Actually my well water is cleaner than most city water in my area . My buddy that lives in town , he has already had to change his prefilters three times so far due to they get all rust colored . I`m still on my first set and just now starting to see some coloration . Also the water is purifed from the RO , so there wouldn`t be any impurities .
 

miaheatlvr

Active Member
Originally Posted by Dawman
Actually my well water is cleaner than most city water in my area . My buddy that lives in town , he has already had to change his prefilters three times so far due to they get all rust colored . I`m still on my first set and just now starting to see some coloration . Also the water is purifed from the RO , so there wouldn`t be any impurities .
If you are using well water, well water is full of disolved minerals and impurities, everybody know this, but if you run it through 4 or 5 stage RO/DI it should be fine.
 

dawman

Active Member
Originally Posted by MiaHeatLvr
If you are using well water, well water is full of disolved minerals and impurities, everybody know this, but if you run it through 4 or 5 stage RO/DI it should be fine.
Not all well water is the same . I know the quality of water coming from my well due to the condition of my prefilter before my RO unit .
 

dawman

Active Member
Well , Reef Crystals worked great . Has a 8.4 ph without adding any buffer and Alk of 11DKH . Amazing what the difference is between the two salts .
 

ironsnipes

Member
great thread. was interested in asking ?'s but you all really confused me. with the science talk. new hobbist tank up and running 5 1/2 mon. no problems. added mushies and xenia . since the p.h has been low as well as alk. 55 gal tank 5 gal water change weekly ro/di using kent salt. have added 1 drop lugols iodide every 2 wks and some pro dkh buff to try to bring stuff back in line. water parameters are fine sal.025, nitri0, nitra0,cal500,ph low,alk low, ammon 0 temp 79 -80 using red sea test kits. have done 3 -5 gal water changes in last 3 days is everything ok or have any comments or ideas. my tank and mushies/xenia are doing well growing so i am not to worried but am interested in the topic. any replys would be sick.
 

geoj

Active Member
Originally Posted by ironsnipes
great thread. was interested in asking ?'s but you all really confused me. with the science talk. new hobbist tank up and running 5 1/2 mon. no problems. added mushies and xenia . since the p.h has been low as well as alk. 55 gal tank 5 gal water change weekly ro/di using kent salt. have added 1 drop lugols iodide every 2 wks and some pro dkh buff to try to bring stuff back in line. water parameters are fine sal.025, nitri0, nitra0,cal500,ph low,alk low, ammon 0 temp 79 -80 using red sea test kits. have done 3 -5 gal water changes in last 3 days is everything ok or have any comments or ideas. my tank and mushies/xenia are doing well growing so i am not to worried but am interested in the topic. any replys would be sick.

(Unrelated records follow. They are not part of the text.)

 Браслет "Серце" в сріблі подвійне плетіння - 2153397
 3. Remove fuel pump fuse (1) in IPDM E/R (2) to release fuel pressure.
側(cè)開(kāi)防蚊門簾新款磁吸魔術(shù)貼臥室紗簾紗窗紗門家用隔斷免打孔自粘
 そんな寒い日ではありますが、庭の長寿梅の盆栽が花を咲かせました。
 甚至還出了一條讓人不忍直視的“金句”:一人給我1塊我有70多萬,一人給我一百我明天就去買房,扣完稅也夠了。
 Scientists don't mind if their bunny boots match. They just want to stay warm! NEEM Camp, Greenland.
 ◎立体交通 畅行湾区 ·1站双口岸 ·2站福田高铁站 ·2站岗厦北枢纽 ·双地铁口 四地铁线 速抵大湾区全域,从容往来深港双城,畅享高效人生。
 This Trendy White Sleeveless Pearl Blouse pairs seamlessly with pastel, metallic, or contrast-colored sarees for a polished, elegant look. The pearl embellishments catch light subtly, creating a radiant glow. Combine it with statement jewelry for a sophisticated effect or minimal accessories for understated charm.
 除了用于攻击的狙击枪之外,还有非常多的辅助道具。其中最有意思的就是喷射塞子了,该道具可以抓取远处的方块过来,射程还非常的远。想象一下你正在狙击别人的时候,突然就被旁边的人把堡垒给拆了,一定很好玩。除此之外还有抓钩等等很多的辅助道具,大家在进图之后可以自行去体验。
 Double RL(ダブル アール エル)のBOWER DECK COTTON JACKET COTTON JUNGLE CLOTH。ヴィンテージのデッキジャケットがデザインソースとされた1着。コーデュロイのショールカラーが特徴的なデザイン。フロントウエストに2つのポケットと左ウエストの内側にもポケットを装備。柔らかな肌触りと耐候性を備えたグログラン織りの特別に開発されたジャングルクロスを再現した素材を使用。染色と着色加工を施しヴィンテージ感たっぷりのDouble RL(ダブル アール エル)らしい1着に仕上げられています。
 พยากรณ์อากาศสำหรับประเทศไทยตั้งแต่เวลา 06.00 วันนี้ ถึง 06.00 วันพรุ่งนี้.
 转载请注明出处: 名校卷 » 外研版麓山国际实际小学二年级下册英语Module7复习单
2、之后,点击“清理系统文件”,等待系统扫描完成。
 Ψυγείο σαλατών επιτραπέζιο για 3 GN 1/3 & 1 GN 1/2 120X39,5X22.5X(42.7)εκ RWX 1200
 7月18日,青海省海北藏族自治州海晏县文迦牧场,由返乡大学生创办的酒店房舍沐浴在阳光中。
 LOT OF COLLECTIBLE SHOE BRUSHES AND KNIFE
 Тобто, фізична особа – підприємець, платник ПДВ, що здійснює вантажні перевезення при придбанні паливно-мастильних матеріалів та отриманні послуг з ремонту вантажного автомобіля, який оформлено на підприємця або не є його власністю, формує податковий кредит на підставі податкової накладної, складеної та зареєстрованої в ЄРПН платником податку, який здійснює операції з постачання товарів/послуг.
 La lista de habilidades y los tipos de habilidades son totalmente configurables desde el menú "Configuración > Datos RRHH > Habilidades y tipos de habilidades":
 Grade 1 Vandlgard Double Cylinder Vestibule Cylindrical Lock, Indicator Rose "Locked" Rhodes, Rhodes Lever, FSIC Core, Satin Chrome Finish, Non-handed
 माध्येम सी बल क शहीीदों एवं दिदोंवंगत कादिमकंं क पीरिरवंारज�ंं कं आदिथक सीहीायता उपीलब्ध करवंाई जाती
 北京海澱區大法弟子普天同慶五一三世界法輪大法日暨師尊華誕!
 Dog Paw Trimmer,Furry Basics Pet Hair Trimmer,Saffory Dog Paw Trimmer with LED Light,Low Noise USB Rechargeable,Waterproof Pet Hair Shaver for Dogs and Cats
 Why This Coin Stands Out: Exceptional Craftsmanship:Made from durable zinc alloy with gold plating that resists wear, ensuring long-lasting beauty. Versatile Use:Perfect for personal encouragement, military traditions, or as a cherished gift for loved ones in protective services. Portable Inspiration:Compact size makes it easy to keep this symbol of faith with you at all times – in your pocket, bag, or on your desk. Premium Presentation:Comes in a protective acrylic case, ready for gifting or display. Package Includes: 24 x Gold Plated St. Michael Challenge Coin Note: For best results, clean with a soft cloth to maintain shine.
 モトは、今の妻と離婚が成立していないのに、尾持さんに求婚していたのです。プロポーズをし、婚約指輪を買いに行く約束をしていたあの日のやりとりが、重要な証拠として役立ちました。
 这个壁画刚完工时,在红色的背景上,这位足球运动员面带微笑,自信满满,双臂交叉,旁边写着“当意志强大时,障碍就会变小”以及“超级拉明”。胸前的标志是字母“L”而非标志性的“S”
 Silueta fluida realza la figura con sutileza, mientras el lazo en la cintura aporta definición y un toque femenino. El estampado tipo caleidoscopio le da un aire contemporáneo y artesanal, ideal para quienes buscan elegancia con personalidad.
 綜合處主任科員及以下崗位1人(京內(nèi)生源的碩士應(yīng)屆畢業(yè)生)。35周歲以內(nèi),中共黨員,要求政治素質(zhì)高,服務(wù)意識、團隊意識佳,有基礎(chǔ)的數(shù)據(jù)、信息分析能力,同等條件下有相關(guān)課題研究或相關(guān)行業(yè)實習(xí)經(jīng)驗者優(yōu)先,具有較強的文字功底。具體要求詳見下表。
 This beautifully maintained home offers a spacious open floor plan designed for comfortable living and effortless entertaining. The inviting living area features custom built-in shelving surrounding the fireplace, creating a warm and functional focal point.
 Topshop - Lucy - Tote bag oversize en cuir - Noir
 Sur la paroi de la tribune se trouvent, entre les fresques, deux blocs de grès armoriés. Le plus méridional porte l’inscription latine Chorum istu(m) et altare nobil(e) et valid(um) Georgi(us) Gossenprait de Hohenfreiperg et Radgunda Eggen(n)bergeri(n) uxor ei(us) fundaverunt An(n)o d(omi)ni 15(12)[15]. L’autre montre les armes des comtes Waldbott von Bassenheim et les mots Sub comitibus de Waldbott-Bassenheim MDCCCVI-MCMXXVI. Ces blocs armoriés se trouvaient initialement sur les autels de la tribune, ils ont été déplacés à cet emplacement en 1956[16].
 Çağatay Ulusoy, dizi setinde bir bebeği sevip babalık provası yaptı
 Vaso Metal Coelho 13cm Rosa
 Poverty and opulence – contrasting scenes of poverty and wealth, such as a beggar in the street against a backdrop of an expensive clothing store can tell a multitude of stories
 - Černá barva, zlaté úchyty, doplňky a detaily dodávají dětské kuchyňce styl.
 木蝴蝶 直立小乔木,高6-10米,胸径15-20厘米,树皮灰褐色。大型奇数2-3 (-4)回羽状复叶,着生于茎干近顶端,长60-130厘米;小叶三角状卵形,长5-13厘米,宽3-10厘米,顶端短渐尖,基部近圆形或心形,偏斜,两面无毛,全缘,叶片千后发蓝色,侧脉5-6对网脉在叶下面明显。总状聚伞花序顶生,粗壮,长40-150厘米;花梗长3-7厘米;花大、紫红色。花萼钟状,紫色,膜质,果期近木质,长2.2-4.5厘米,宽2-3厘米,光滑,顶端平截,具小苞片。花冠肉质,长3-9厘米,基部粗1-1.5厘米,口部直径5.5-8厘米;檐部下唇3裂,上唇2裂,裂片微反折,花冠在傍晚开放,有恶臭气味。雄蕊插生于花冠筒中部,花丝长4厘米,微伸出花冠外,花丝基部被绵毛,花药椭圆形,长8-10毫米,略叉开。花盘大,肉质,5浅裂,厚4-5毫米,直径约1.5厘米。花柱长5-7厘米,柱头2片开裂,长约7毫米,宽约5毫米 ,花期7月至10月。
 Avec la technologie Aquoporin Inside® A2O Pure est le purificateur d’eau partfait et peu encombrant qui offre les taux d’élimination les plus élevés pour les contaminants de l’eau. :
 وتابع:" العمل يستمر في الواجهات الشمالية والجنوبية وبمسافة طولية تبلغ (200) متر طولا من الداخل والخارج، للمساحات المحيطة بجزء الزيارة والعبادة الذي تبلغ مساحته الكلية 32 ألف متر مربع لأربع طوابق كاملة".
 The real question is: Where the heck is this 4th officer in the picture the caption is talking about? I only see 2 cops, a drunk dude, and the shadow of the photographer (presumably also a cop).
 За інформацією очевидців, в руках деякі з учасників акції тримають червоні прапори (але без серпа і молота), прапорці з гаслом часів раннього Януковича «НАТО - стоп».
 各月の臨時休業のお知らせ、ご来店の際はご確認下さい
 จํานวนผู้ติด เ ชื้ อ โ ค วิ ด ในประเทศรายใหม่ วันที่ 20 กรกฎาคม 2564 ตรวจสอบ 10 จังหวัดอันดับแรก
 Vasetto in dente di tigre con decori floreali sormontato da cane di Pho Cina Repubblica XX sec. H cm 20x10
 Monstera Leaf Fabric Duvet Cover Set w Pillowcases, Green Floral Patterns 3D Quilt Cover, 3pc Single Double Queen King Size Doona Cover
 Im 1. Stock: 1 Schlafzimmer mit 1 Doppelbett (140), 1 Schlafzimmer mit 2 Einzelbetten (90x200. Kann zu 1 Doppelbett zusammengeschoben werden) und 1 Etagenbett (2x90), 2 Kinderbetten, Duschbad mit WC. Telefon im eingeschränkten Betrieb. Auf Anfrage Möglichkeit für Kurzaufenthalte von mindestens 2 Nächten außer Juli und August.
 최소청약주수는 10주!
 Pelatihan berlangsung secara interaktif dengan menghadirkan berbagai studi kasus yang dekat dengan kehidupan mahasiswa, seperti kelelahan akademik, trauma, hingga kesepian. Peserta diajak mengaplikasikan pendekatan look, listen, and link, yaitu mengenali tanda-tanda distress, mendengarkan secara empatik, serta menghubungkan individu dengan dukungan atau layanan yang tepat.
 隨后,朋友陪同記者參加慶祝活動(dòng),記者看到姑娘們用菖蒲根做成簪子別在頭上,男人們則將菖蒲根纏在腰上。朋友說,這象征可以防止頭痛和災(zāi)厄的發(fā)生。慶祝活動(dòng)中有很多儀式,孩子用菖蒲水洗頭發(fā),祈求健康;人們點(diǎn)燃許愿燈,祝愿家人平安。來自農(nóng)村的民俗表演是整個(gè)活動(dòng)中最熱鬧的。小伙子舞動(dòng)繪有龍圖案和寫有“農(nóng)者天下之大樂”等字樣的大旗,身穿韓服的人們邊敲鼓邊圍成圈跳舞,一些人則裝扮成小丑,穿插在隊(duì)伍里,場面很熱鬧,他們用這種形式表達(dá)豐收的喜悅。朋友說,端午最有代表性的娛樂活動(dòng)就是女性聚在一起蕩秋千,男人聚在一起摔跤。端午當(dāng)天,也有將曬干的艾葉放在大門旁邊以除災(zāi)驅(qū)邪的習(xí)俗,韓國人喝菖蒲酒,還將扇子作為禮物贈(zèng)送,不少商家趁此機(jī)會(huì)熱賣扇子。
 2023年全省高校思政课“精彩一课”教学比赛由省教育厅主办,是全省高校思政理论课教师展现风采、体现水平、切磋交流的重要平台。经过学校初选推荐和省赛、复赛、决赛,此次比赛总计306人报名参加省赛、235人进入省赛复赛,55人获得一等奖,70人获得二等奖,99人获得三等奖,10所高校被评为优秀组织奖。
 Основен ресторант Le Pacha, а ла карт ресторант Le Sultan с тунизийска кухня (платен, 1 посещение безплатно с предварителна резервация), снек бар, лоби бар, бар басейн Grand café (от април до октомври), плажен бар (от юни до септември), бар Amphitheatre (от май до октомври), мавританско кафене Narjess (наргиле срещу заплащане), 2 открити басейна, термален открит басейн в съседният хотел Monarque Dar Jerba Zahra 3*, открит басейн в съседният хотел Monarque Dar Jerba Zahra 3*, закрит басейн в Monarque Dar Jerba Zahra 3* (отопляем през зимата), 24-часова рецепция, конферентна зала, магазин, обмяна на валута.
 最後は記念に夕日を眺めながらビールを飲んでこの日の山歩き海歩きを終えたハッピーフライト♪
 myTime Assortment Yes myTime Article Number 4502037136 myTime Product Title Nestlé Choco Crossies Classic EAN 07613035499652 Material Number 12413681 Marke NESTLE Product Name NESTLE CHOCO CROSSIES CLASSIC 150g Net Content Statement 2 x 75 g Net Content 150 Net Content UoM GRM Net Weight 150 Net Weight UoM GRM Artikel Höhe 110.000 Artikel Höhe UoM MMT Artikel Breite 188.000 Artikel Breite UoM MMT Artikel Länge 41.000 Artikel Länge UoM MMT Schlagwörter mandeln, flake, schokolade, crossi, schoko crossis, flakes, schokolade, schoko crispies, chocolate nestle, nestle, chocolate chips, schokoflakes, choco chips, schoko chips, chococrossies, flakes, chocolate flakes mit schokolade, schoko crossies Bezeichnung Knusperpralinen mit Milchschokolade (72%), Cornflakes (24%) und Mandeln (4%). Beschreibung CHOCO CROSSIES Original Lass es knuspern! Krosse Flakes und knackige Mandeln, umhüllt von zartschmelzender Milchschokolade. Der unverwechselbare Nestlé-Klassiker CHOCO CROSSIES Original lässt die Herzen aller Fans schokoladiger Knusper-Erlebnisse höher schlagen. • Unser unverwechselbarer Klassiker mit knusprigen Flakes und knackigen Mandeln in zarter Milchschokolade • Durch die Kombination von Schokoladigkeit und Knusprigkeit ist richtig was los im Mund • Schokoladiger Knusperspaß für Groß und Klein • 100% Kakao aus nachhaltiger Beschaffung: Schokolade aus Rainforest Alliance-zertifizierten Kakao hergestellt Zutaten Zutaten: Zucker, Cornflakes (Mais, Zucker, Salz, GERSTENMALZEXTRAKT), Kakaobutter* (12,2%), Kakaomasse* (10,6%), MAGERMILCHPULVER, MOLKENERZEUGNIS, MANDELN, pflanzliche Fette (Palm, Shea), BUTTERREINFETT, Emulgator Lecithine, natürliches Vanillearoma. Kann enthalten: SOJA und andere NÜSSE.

Go check-out Aquatic Warehouse in your area!!
SMAW for life...
 
Great article that started this thread need to know more about CO2. I have a closed lid syst and I think this might be my prob though it was fine when the tank was just a few months old struggling w low ph now. MBintraining
 

nietzsche

Active Member
tested mine today and it was:
pH: 7.8
phosphate: 0ppm
calcium: 420ppm
kH: 7dKH
amm: 0ppm
trites: 0ppm
trates: 20ppm
salinity ~37
i don't use a kalkwasser, just regular R/O water for top offs.